The next day they attended a concert at the Assembly Rooms. These were large and very handsome. They learned that there was to be a subscription ball two evenings later, which Mrs Grockleton insisted they must attend.

The next day was taken up chiefly with shopping – which was not to say that they bought anything, but they inspected the fashionable shops and observed all the people in them.

‘For Bath sets the tone, Fanny,’ Mrs Grockleton obligingly explained. ‘Bath is where polite society is born. Bath is’ – she was delighted by the sudden thought – ‘like our academy. Even the most charming young ladies, those of the highest birth who have lived all their lives in the country, can benefit from being exposed in Bath.’

The ball turned out to be a slight disappointment. If the fashionable world was at Bath, it had not descended on the Assembly Rooms that night. Instead, a large collection of the spa’s widows, invalids, half-pay officers and eager tradesmen danced the night away very cheerfully and with a certain decorous noise. They encountered the family of a Bristol merchant whose two sons asked Fanny to dance. So did a very pleasant army major, whose coat collar had taken on that slightly greasy look, which cloth has just before it starts to fray. ‘You need have no fear of me,’ he genially remarked to her. ‘I’m here to find a rich widow.’

The major, in fact, turned out to be an amusing man, who told her much that was useful about the town. ‘For people like yourself in the higher part, there are the upper rooms to go to in the evening. Better company up there. But the best sort, the gentry, don’t come to the Assembly Rooms often. Not unless there’s something worth seeing. They have private parties. That’s where you belong.’

In her different way, Mrs Grockleton had come to a similar conclusion. ‘I’m afraid’, she remarked to her husband when they were alone that night, ‘the Rooms were full of people like us.’

‘You don’t care to meet people like ourselves?’ her husband mildly enquired.

‘If we wanted to meet people like us,’ Mrs Grockleton very reasonably pointed out, ‘we could save our money and stay at home.’

The succeeding days went off well enough, though. When it was sufficiently warm, in the mornings, they took the children to see the sights, or to walk round by the river to view the splendid wooded slopes of Beechen Cliff. Another day they went out of the city to wonder the splendour of Prior Park, past which much of the stone for the building of the city had been brought on a specially constructed railway track which, being on a long incline, operated by the force of gravity. Mr Grockleton was much taken with this.

Mrs Grockleton was thorough. Soon Fanny felt she knew the city as well as most visitors: handsome Queen Square, the Circus, the elegant Pulteney Bridge designed by Adams, the Assembly Rooms, upper and lower, and the Royal Crescent, where one walked on a Sunday, to be seen. There was no defined social season at Bath, for with people going there all year round it was always a season of a kind. The place was very agreeable, on the whole, even if they didn’t know many people. At the end of the first week it rained, almost continually, for three days and Fanny might have felt a little depressed if she had not received a most loving letter from Louisa saying that she and her brother were planning to make a short visit to Bath themselves, to enjoy her company.

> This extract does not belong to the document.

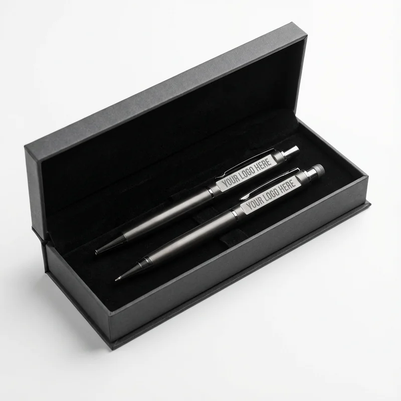 Enhance your corporate gifting with this Pen & Pencil Gift Set. Crafted from durable metal, this sophisticated set includes a sleek pen and a matching pencil, both neatly presented in an elegant gift box. At $12.00 each, this set is a practical choice for bulk orders, with a minimum quantity of 50. Ideal for client giveaways, employee recognition, or promotional events, the gift set can be customized with your logo for added brand visibility. Standard production time is 10-14 days.

It was halfway through the second week when the strange little incident occurred. Having spent an hour or two playing rather listlessly with the Grockleton children in the house, Fanny had gone down to the centre of the town alone. There were shops in the arcaded streets selling every kind of luxury, but her attention had been especially taken by one window in which there was a fine display of Worcester china. The set, which was decorated with depictions of English landscapes in the classical style, had seemed so appropriate in this English Roman spa that she had decided to come back and peruse it at her leisure. And, for quite half an hour, the listlessness she had felt almost disappeared as she inspected one charming scene after another. At last, however, she emerged and started to walk up the hill.

She had only gone a little way and come to an intersection, when, a couple of hundred yards away down the street on her right, she saw Mr Martell. He was stepping out of a carriage. He turned, with his back to her, and handed down a very handsomely dressed young lady. A moment later they entered a large house together.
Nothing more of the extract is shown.